Laundering is easily explained. Indeed, the basic steps of laundering have not changed for at least a century and a half.

Every week or so, when enough of your clothes and linens are soiled to make doing a wash worthwhile, you gather them all together in one place and separate them into loads, or heaps on the floor, of items that can safely receive similar laundering. Paying attention to fiber content and care labels, you sort them according to their color and dye-fastness, the type of cloth they are made of and the way they are made—their sturdiness or fragility—how dirty they are and what the dirt is, and other characteristics, watching out for stains and especially hard-to-remove soil as you go. These difficult spots you treat immediately, either with liquid detergent, a paste of detergent powder and water, or a product specially manufactured for the purpose. Once the loads are separated and stains treated, you wash the clothes in sudsy water that is cool, warm, or hot, depending on the kind of cloth. Sometimes, one or more garments need hand-washing, whether because they are so delicate or because they are not colorfast or are prone to shrinking or for some other reason. Most, however, you wash in your washing machine, one load after another. Then you dry each load, either in your dryer or on a clothesline, drying rack, or hanger. After the laundry is dry, some people will iron wrinkled things smooth. Garments and linens that will not be ironed—all of them, in many households—are hung or folded. All are then replaced in closets and drawers or on shelves, ready to be used again. At regular intervals, you repeat this series of steps—storing, using, gathering, sorting, washing, drying, ironing and folding, restoring. It’s simple.
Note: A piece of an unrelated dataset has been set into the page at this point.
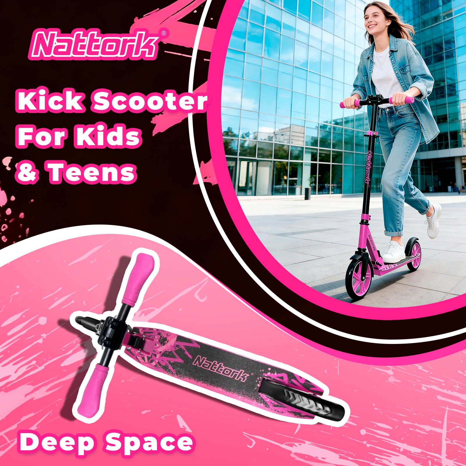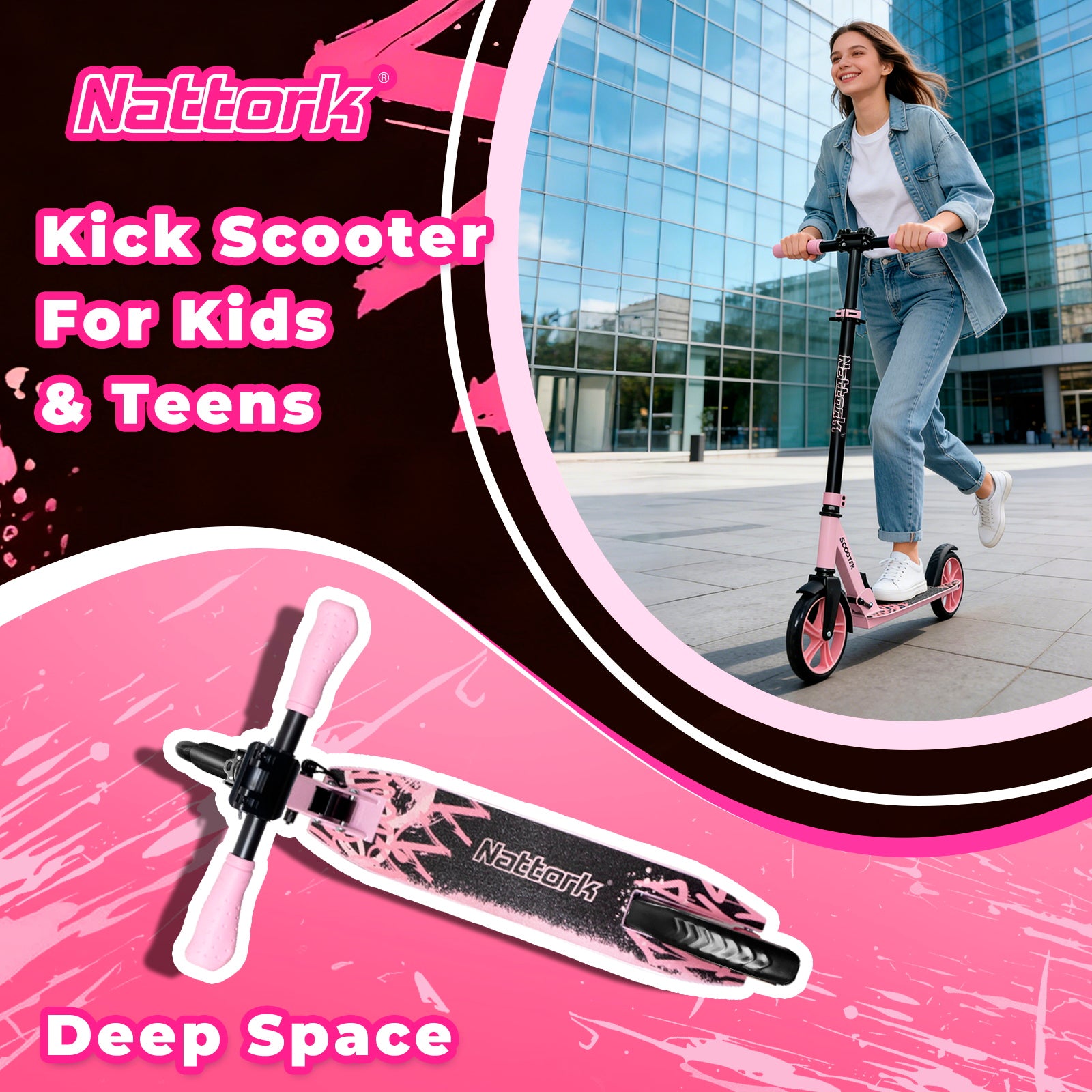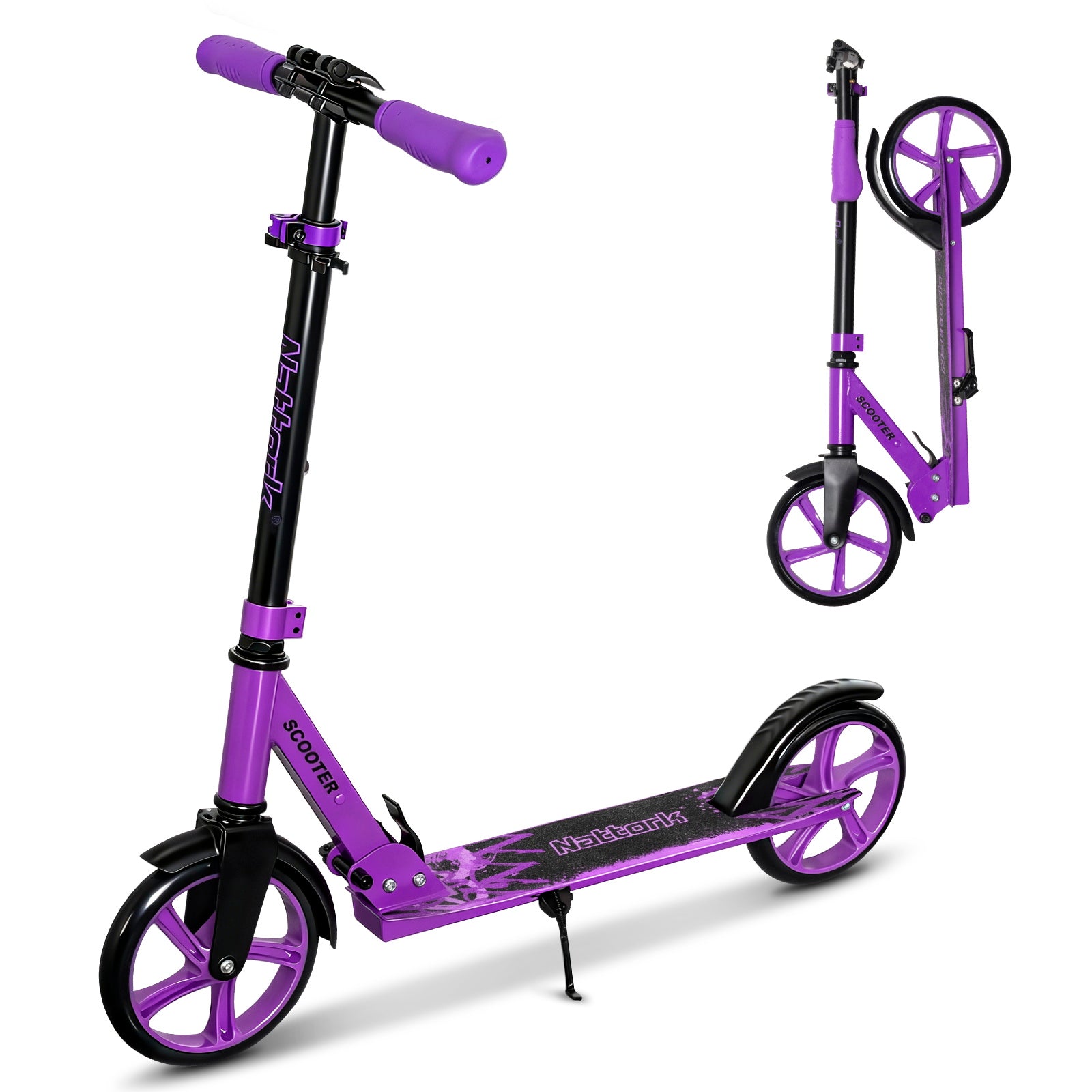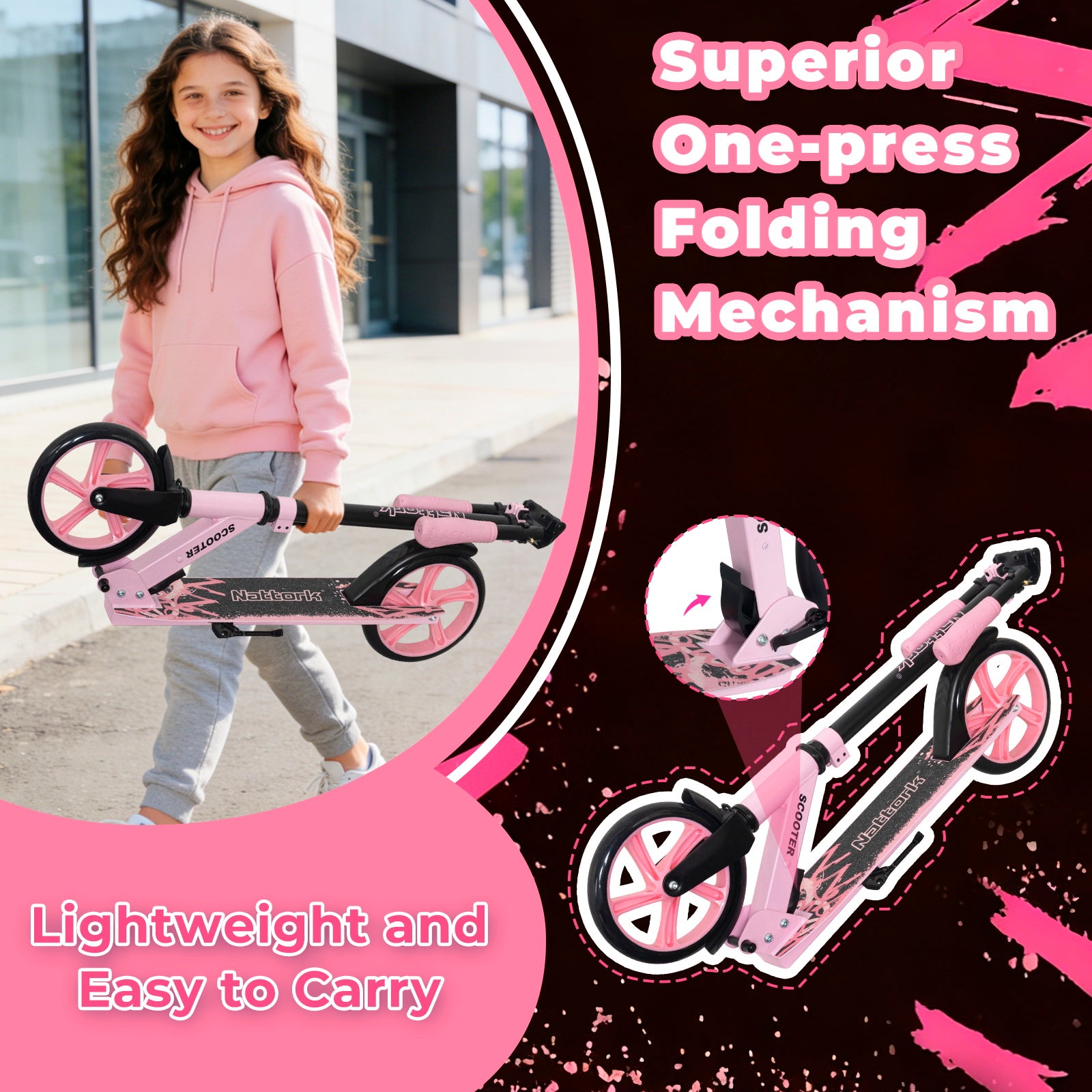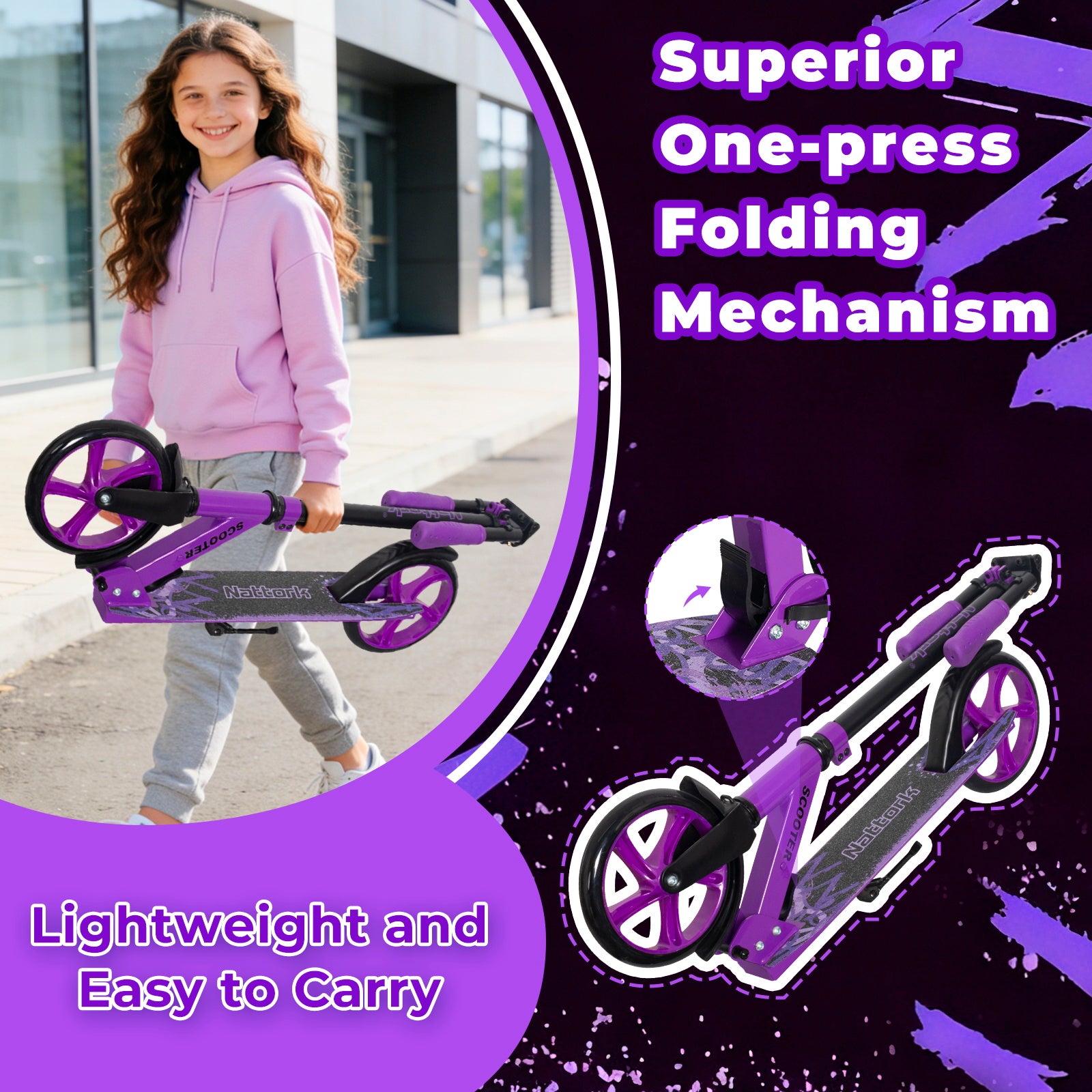 Patinete plegable y patinete Nattork para niños de 8 años en adelante, color blanco tinta

Why, then, is this book more than four hundred pages long? Because each of these steps is a place where you can trip. The potential causes and kinds of missteps are remarkably numerous, and there are countless opportunities to fine-tune your methods. The more you know and the greater your experience, the fewer money-, time-, and labor-consuming errors you will make. A book like this cannot confidently claim to have included every fact or technique that someone might look for, but its pages are crammed with facts, some for beginners and others for experts, that will be useful in someone’s laundry. No one needs to know all of them. Many are about fabrics or linens or clothes or laundry facilities completely unlike yours. Some are geared toward standards that are irrelevant to your circumstances or possessions. For just as good cooking includes everything from hamburgers on your grill to Julia Child’s Crêpes Gourées et Flambées, so laundering can be done either in a perfectly satisfying rough-and-ready way or with elegant finesse—or something in between. What is best for your household depends on your own time, resources, needs, tastes, tolerances, goals, and belongings.